● Task description: Output only the lines from the start of the entries through the line holding "Another fiddler’s tune". Each line must match the original exactly.

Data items
- Opening Delimiter -

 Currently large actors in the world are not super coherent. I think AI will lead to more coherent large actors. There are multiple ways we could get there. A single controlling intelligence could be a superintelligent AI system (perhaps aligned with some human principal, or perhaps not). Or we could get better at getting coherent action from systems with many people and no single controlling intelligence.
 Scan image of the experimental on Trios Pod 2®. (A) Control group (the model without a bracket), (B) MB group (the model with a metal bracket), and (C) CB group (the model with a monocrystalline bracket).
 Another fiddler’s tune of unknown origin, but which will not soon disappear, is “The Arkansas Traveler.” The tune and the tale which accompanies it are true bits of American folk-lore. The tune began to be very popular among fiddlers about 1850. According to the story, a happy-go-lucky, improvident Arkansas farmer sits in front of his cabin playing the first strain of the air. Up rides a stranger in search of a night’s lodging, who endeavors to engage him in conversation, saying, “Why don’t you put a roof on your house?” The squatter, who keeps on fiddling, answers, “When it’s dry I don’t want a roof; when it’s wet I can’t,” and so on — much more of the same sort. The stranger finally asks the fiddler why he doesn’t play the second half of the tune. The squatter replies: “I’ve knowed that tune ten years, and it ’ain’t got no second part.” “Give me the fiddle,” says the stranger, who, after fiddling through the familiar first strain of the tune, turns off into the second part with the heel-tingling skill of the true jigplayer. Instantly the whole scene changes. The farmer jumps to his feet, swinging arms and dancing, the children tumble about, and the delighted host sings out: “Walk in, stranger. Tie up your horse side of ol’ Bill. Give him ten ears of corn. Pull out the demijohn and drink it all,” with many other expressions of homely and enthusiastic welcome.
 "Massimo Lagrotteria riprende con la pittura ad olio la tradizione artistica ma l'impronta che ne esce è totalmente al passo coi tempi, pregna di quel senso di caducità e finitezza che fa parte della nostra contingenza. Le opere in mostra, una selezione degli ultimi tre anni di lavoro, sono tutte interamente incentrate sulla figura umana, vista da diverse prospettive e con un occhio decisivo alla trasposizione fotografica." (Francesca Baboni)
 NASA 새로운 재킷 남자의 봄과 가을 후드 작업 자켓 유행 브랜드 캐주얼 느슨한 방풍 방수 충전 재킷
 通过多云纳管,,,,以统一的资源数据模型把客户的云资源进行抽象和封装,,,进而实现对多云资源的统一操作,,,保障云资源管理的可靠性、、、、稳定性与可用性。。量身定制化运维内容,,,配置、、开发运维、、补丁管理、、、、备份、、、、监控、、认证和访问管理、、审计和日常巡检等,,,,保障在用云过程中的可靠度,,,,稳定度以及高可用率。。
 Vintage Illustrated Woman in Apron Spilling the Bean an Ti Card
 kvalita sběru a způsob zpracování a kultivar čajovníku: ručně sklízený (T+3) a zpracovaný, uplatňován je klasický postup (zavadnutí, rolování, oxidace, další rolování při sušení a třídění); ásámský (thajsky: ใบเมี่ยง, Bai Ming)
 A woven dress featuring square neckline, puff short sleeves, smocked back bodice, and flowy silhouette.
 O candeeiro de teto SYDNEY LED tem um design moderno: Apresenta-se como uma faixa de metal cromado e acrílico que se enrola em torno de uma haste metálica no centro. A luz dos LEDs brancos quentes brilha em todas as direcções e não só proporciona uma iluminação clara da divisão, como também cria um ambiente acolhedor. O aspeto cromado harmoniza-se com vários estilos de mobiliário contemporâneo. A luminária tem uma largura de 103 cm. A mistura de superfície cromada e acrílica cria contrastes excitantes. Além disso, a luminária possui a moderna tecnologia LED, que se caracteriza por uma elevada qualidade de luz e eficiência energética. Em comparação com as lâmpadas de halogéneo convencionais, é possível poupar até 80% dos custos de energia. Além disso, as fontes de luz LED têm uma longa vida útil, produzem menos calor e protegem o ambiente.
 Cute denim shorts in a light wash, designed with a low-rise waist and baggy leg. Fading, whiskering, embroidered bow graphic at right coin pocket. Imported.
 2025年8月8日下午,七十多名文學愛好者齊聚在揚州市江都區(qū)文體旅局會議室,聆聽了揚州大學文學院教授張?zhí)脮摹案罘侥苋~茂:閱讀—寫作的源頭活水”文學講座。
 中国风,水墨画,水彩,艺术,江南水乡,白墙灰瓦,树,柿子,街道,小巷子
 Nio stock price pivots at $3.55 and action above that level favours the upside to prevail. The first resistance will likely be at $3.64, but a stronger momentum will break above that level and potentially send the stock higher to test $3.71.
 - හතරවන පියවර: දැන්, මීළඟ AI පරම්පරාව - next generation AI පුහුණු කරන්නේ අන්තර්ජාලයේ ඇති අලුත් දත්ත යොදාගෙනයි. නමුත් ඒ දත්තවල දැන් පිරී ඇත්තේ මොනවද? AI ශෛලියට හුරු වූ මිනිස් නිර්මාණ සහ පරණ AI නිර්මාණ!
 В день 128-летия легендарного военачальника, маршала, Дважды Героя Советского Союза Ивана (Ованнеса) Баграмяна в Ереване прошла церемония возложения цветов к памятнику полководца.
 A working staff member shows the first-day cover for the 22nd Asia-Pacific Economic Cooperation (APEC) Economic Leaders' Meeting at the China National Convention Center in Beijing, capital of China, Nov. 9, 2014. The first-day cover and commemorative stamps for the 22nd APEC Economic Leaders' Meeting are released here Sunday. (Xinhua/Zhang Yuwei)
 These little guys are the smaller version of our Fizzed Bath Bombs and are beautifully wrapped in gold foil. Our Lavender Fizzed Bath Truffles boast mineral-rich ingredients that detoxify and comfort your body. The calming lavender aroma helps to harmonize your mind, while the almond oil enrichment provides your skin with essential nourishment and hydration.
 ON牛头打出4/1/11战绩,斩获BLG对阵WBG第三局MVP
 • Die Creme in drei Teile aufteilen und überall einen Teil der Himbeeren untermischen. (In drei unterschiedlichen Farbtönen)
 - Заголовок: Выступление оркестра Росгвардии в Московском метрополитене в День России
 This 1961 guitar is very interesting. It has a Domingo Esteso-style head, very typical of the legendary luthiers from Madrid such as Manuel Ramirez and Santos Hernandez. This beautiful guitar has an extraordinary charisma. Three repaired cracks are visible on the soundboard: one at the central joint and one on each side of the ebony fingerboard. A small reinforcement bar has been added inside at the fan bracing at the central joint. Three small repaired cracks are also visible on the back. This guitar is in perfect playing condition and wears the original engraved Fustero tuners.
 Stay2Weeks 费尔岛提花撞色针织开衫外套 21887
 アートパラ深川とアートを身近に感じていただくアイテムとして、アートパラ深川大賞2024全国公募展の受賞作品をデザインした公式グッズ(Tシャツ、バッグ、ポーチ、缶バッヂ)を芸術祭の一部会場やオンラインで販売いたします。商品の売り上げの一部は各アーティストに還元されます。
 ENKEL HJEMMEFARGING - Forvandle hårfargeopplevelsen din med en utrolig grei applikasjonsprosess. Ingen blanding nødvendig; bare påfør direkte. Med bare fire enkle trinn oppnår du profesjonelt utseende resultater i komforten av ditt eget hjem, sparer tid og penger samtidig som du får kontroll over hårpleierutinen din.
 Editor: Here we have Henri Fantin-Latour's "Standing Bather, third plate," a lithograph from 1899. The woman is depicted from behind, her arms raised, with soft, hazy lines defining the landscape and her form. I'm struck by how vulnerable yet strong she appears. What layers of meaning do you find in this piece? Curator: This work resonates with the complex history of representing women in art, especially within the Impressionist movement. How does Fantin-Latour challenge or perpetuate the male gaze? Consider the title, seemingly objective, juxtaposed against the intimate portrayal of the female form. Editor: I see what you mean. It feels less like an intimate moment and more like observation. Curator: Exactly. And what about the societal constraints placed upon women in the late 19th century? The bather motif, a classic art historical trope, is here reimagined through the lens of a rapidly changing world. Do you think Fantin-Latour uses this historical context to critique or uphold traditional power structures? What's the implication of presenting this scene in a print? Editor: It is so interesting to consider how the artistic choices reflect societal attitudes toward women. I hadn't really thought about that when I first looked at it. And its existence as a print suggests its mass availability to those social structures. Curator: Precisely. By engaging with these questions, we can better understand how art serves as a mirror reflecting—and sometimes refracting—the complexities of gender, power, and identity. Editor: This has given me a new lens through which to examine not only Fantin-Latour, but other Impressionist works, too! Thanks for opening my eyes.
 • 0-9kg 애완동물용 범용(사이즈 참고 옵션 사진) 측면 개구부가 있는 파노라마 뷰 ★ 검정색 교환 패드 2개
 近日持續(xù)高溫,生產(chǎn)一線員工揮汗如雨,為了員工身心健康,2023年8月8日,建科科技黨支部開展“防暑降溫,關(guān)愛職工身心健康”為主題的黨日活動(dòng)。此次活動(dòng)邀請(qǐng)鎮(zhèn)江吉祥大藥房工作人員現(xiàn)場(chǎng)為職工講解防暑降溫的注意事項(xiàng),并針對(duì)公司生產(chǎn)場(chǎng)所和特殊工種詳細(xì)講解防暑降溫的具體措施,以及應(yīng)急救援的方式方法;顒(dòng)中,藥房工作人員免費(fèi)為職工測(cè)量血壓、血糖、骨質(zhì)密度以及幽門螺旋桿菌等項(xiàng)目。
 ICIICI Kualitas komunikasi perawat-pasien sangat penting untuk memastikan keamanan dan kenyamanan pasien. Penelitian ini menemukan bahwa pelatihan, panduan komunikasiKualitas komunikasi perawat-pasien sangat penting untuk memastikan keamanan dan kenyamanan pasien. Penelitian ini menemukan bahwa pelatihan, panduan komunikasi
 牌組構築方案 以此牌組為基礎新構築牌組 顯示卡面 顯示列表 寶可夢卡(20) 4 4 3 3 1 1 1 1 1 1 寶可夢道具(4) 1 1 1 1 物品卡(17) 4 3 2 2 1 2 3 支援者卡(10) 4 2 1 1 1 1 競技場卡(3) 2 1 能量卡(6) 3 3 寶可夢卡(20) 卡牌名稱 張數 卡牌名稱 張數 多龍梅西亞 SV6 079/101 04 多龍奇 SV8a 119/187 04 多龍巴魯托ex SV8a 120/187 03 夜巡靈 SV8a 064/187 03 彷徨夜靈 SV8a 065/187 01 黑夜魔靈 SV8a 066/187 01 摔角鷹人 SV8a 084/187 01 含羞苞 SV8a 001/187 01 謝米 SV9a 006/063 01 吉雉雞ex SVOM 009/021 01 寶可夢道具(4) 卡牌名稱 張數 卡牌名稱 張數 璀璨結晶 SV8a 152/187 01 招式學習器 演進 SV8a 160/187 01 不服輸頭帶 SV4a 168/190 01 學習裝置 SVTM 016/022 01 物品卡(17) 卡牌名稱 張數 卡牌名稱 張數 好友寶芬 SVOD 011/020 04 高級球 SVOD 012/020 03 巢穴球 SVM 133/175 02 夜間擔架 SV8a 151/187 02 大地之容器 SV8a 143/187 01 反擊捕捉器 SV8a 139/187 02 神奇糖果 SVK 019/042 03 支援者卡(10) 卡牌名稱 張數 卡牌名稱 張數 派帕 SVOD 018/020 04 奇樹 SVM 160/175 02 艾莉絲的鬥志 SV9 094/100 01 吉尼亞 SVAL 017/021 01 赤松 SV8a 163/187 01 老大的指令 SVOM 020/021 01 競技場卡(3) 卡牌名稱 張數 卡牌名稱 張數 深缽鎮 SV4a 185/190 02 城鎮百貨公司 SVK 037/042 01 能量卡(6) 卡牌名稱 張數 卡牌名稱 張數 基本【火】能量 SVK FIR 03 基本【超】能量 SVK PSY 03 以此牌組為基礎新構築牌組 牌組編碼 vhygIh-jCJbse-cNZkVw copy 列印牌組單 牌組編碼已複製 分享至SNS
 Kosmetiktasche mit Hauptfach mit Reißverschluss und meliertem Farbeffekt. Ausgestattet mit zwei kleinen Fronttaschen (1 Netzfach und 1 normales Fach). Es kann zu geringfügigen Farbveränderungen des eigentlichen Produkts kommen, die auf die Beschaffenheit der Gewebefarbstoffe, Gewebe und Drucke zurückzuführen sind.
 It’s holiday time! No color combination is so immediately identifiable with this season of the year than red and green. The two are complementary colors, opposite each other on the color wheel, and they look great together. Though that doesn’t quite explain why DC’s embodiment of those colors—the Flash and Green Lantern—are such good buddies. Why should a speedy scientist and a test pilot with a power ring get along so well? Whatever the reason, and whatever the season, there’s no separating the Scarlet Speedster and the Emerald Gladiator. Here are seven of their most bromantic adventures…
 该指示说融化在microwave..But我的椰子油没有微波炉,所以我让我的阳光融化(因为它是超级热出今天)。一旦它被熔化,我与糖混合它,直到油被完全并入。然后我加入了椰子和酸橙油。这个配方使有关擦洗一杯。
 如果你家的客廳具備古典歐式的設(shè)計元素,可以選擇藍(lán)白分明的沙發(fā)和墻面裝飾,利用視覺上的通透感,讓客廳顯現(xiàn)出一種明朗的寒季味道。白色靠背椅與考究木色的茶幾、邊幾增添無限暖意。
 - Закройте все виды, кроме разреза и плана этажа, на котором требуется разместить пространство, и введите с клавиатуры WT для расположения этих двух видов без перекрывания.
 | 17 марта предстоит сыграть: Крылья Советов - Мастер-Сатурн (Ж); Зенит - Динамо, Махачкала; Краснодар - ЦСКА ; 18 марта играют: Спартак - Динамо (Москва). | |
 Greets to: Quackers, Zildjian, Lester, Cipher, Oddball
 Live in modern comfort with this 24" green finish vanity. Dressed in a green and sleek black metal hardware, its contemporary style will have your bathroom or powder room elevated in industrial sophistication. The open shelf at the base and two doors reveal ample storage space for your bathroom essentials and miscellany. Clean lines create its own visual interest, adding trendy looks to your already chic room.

- Closing Delimiter -

● Response to the task:
 Currently large actors in the world are not super coherent. I think AI will lead to more coherent large actors. There are multiple ways we could get there. A single controlling intelligence could be a superintelligent AI system (perhaps aligned with some human principal, or perhaps not). Or we could get better at getting coherent action from systems with many people and no single controlling intelligence.
 Scan image of the experimental on Trios Pod 2®. (A) Control group (the model without a bracket), (B) MB group (the model with a metal bracket), and (C) CB group (the model with a monocrystalline bracket).
 Another fiddler’s tune of unknown origin, but which will not soon disappear, is “The Arkansas Traveler.” The tune and the tale which accompanies it are true bits of American folk-lore. The tune began to be very popular among fiddlers about 1850. According to the story, a happy-go-lucky, improvident Arkansas farmer sits in front of his cabin playing the first strain of the air. Up rides a stranger in search of a night’s lodging, who endeavors to engage him in conversation, saying, “Why don’t you put a roof on your house?” The squatter, who keeps on fiddling, answers, “When it’s dry I don’t want a roof; when it’s wet I can’t,” and so on — much more of the same sort. The stranger finally asks the fiddler why he doesn’t play the second half of the tune. The squatter replies: “I’ve knowed that tune ten years, and it ’ain’t got no second part.” “Give me the fiddle,” says the stranger, who, after fiddling through the familiar first strain of the tune, turns off into the second part with the heel-tingling skill of the true jigplayer. Instantly the whole scene changes. The farmer jumps to his feet, swinging arms and dancing, the children tumble about, and the delighted host sings out: “Walk in, stranger. Tie up your horse side of ol’ Bill. Give him ten ears of corn. Pull out the demijohn and drink it all,” with many other expressions of homely and enthusiastic welcome.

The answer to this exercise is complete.